Раздался звонок его мобильного.
– Я сейчас отвечу. А ты пока приготовься проигрывать, – чмокнул меня в макушку он.
– И не надейся, – с азартом ответила я.
Ожидая Диму, я включила музыку погромче и медленно покачивалась в такт мелодии, как ощутила прикосновение его рук на своей талии.
– Так быстро поговорил?
– Секретарша звонила, – нежно касаясь своей щекой моего лба, произнёс он. – Бронь билетов подтвердили, улетаю завтра на три дня.
– Так не хочется тебя отпускать, – прижимаясь к нему, сказала я.
– Я быстро вернусь, и, если всё пройдёт удачно, съездим куда-нибудь отдохнуть на пару дней.
Нежась в объятиях друг друга, мы танцевали.
Дима плохо умел расслабляться, и в танце это было особенно ощутимо, он двигался слишком резко и в то же время скованно, его лицо становилось серьёзным, губы слегка вытягивались, а щеки надувались от напряжения.
Репетиции танца на пятую годовщину свадьбы были для него пыткой. Нашим преподавателем была красивая бодрая женщина с плотными формами. Дима никак не мог расслабиться и погрузиться в танец, не выдержав смотреть на наш восьмой безуспешный прогон, она подошла к Диме и, похлопав ладонью по его щекам, бойко произнесла:
– Эй, да хватит вам уже дуться и хохлиться, как одинокий пингвин.
Вспомнив ошеломлённое такой непозволительной наглостью лицо Димы, я тихо хихикнула.
– Ты чего? – заметив мой смешок, вопросительно посмотрел он.
– Да так, вспомнила нахохлившегося пингвина.
– По-твоему, это было забавно? – резко отстранившись от меня, спросил он.
– Дима, ты чего? – примирительно улыбнулась я. – Это было мило, я люблю пингвинов, ты мой Лоло4! – я прикоснулась ладонями к его щекам, но он отдёрнул мои руки.
– Признайся, тебе просто доставляет удовольствие унижать меня? Вспоминать мои неудачи, да? – с нарастающей злостью проговорил он.
– О чём ты? Конечно, нет. Ты заводишься из-за ерунды, – снисходительно улыбаясь, произнесла я.
– Ерунды? Ты наглая лживая тварь, которая насмехается надо мной! – громко прокричал он.
Я закрыла уши руками, стараясь не слышать произнесённых слов, и, закусив от обиды губу, тихо сказала:
– Я прошу тебя, давай просто продолжим ужин.
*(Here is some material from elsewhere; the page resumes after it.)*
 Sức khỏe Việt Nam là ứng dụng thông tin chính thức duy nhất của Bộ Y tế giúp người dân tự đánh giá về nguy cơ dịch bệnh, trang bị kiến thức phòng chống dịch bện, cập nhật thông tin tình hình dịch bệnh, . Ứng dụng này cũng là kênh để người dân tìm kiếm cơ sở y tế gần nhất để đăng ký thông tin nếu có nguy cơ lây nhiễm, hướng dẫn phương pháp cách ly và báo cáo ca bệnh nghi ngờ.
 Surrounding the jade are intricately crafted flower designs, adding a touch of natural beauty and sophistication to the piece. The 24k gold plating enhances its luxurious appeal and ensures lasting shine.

– Ты думаешь, я так просто тебе это прощу? – его глаза вновь наполнились дикой яростью.
Он подошёл вплотную ко мне и резким движением сжал свои пальцы на моей шее.
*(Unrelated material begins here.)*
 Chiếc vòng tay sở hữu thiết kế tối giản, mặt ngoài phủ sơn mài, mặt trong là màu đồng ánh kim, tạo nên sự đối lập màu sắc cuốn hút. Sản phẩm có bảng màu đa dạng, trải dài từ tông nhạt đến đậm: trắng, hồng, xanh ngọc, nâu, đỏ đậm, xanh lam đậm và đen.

– Дима, отпусти! – я пыталась убрать его руки, но тщетно, его хватка всегда была крепкой и нерушимой. Подушечки пальцев всё больнее сдавливали мою кожу. – Почему ты всегда делаешь мне больно? – плача от осознания собственного бессилия, прошептала я.
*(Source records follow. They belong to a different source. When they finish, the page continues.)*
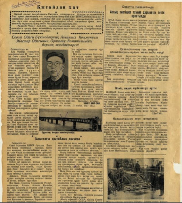 "В годы политического сближения СССР и КНР и укрепления советско-китайской дружбы Назарбаев переписывался с молодым учителем из Китая Чжоу Бай Сяо. Вначале письмо от гражданина КНР поступило в ЦК ВЛКСМ, после чего оно было перенаправлено секретарю Каскеленского райкома. Но к нему оно попало намного позже. Тогда был найден товарищ китайского учителя по переписке - десятиклассник Нурсултан Назарбаев. Оба письма были опубликованы на страницах газеты", - рассказала экскурсовод.
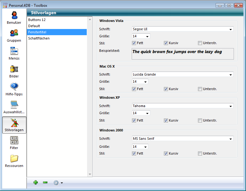 Die Reihenfolge der Anzeige richtet sich nach dem aktuellen Betriebssystem von 4D: Läuft 4D z.B. auf Windows Vista, erscheint oben auf der Seite der Windows Vista Bereich mit dem Beispieltext.
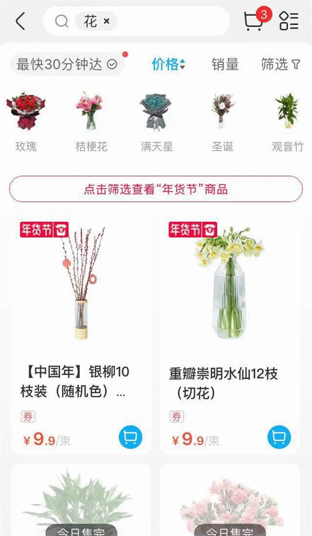 添置新年的“烊头”:鲜花
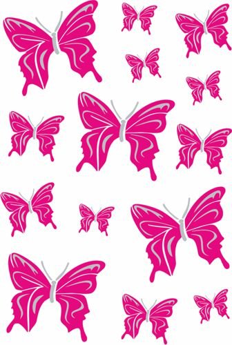 Ⓓ Autocollant papillon rose / argent, 200 x 300mm,
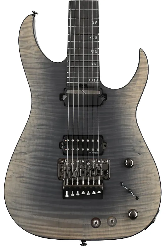7-струнная электрогитара с цельным корпусом из ясеня, верхняя дека из клена, гриф из клена и пурпурного дерева, накладка на гриф из эбена, один хамбакер и система Sustaniac - Fallout Burst.
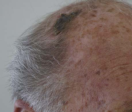 Een 78-jarige man is door de reumatoloog verwezen naar de polikliniek dermatologie vanwege een huidafwijking op zijn kruin. De plek op de kruin bestaat nu bijna een jaar en is een paar maanden geleden pijn gaan doen en opengegaan. Patiënt heeft nooit eerder huidklachten gehad…
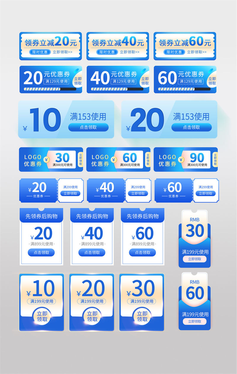 蓝色风格电商促销标签
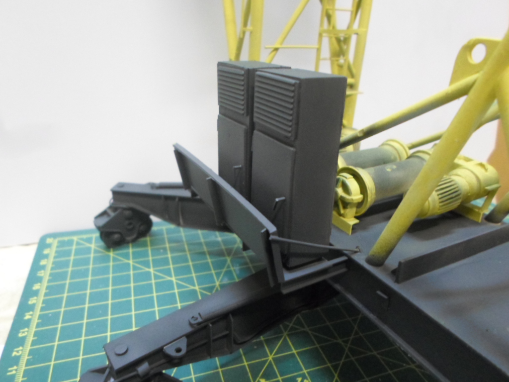 А по отверстиям в раме: зачем так глубоко заходить?, толщина пластика там не масштабная, они ничего не дадут. Дальше по деталировке: если вы так выполнили лебёдку, тогда может есть смысл дополнить машину кран-балкой? CF её делает, кстати.
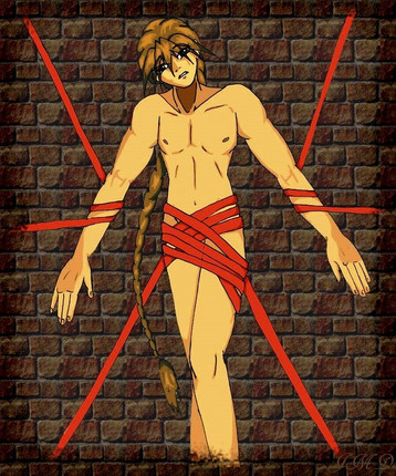 Mwahahah, Luke Valentine bondage! Uncensored version is over at my y!Gallery page - decided to just leave this one as flat-color and give it a little border.Related content

– Потому что ты это заслужила, – со злостью проговорил он, цедя каждое слово сквозь плотно сомкнутые зубы.
Он ещё несколько минут сжимал моё горло, наблюдая за беспомощными попытками вырваться с каким-то нелепым сладострастием. Я уже начала чувствовать острую нехватку воздуха в лёгких, когда он, наконец, разжал пальцы.
Я рухнула на пол, откашливаясь и тихо плача.
Он нервно засобирался. Взял ключи, накинул куртку, уже почти уйдя, вдруг вернулся. Я вжалась в стену, испугавшись, что моё наказание продолжится, но он, ухмыльнувшись, прошёл мимо. Подошел к сервированному мной кухонному столу и с силой дёрнул скатерть, послышался противный громкий лязг бьющейся посуды. Удовлетворенный собственной выходкой, он ушёл. Я видела через стекло, как блеснули огни его уезжающей «Астон Мартин» и раздался пронзительный рёв мотора.
Пазл снова рассыпался, и я осталась одна, заваленная коробками своего раскрывшегося чулана.
***
– Сожалею, но мы уже закрыты, – произнёс Сергей, услышав звон колокольчиков. Он возился под стойкой и не видел входящего.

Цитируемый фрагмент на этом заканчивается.